-- Input data follows --

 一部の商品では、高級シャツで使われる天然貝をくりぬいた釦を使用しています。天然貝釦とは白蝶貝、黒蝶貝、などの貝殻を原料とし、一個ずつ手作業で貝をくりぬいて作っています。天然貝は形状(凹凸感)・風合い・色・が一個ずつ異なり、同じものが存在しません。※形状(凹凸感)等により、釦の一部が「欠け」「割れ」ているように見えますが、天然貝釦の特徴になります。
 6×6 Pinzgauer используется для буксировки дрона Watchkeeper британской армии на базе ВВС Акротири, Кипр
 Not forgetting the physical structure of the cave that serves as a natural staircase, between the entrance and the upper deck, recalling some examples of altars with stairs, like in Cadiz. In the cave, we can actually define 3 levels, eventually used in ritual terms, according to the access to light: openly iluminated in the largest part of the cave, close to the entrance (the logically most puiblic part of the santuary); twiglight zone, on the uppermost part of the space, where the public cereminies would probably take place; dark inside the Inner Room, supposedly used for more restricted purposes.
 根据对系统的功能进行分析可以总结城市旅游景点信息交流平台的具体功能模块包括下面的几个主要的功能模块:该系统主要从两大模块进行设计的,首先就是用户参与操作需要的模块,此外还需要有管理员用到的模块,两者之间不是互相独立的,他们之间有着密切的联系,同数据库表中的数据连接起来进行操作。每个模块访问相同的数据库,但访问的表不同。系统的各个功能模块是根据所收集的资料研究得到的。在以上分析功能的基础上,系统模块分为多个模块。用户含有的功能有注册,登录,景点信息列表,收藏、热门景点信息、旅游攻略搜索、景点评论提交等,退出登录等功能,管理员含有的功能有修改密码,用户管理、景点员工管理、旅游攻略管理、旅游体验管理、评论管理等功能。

-- Input data concluded --
-- Input data follows --

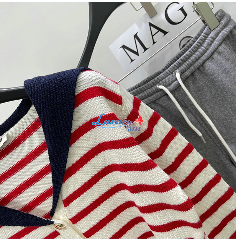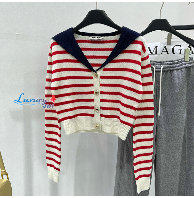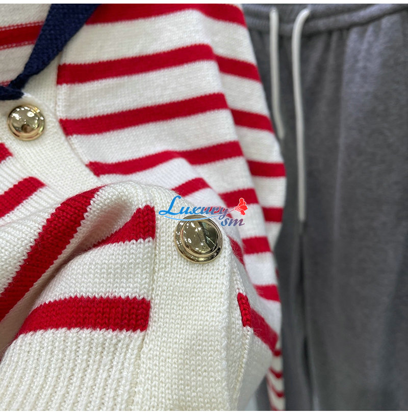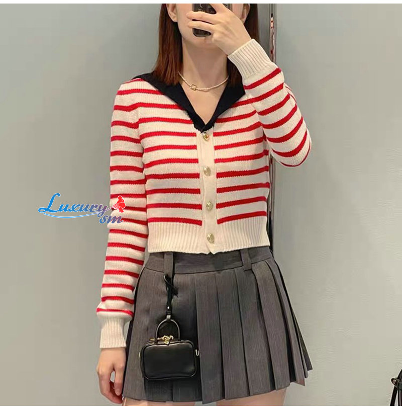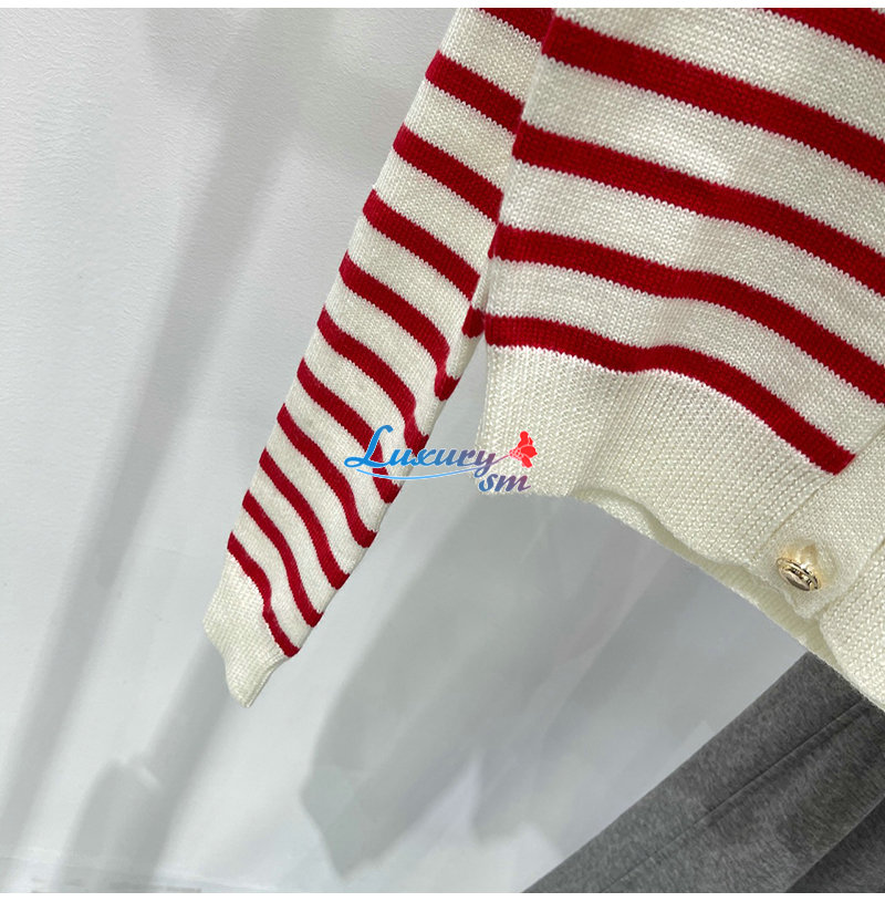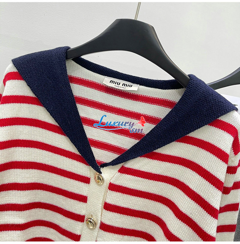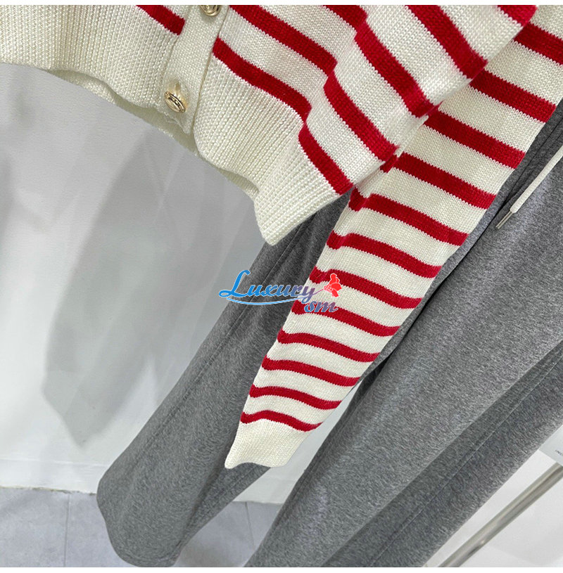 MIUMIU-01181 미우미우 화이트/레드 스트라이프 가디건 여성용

-- Input data concluded --

= Action item =
Output only an exact transcription of the lines above from the one with "6×6 Pinzgauer используется" up to and including the one with "根据对系统的功能进行分析可以".

= Expected answer =
 6×6 Pinzgauer используется для буксировки дрона Watchkeeper британской армии на базе ВВС Акротири, Кипр
 Not forgetting the physical structure of the cave that serves as a natural staircase, between the entrance and the upper deck, recalling some examples of altars with stairs, like in Cadiz. In the cave, we can actually define 3 levels, eventually used in ritual terms, according to the access to light: openly iluminated in the largest part of the cave, close to the entrance (the logically most puiblic part of the santuary); twiglight zone, on the uppermost part of the space, where the public cereminies would probably take place; dark inside the Inner Room, supposedly used for more restricted purposes.
 根据对系统的功能进行分析可以总结城市旅游景点信息交流平台的具体功能模块包括下面的几个主要的功能模块:该系统主要从两大模块进行设计的,首先就是用户参与操作需要的模块,此外还需要有管理员用到的模块,两者之间不是互相独立的,他们之间有着密切的联系,同数据库表中的数据连接起来进行操作。每个模块访问相同的数据库,但访问的表不同。系统的各个功能模块是根据所收集的资料研究得到的。在以上分析功能的基础上,系统模块分为多个模块。用户含有的功能有注册,登录,景点信息列表,收藏、热门景点信息、旅游攻略搜索、景点评论提交等,退出登录等功能,管理员含有的功能有修改密码,用户管理、景点员工管理、旅游攻略管理、旅游体验管理、评论管理等功能。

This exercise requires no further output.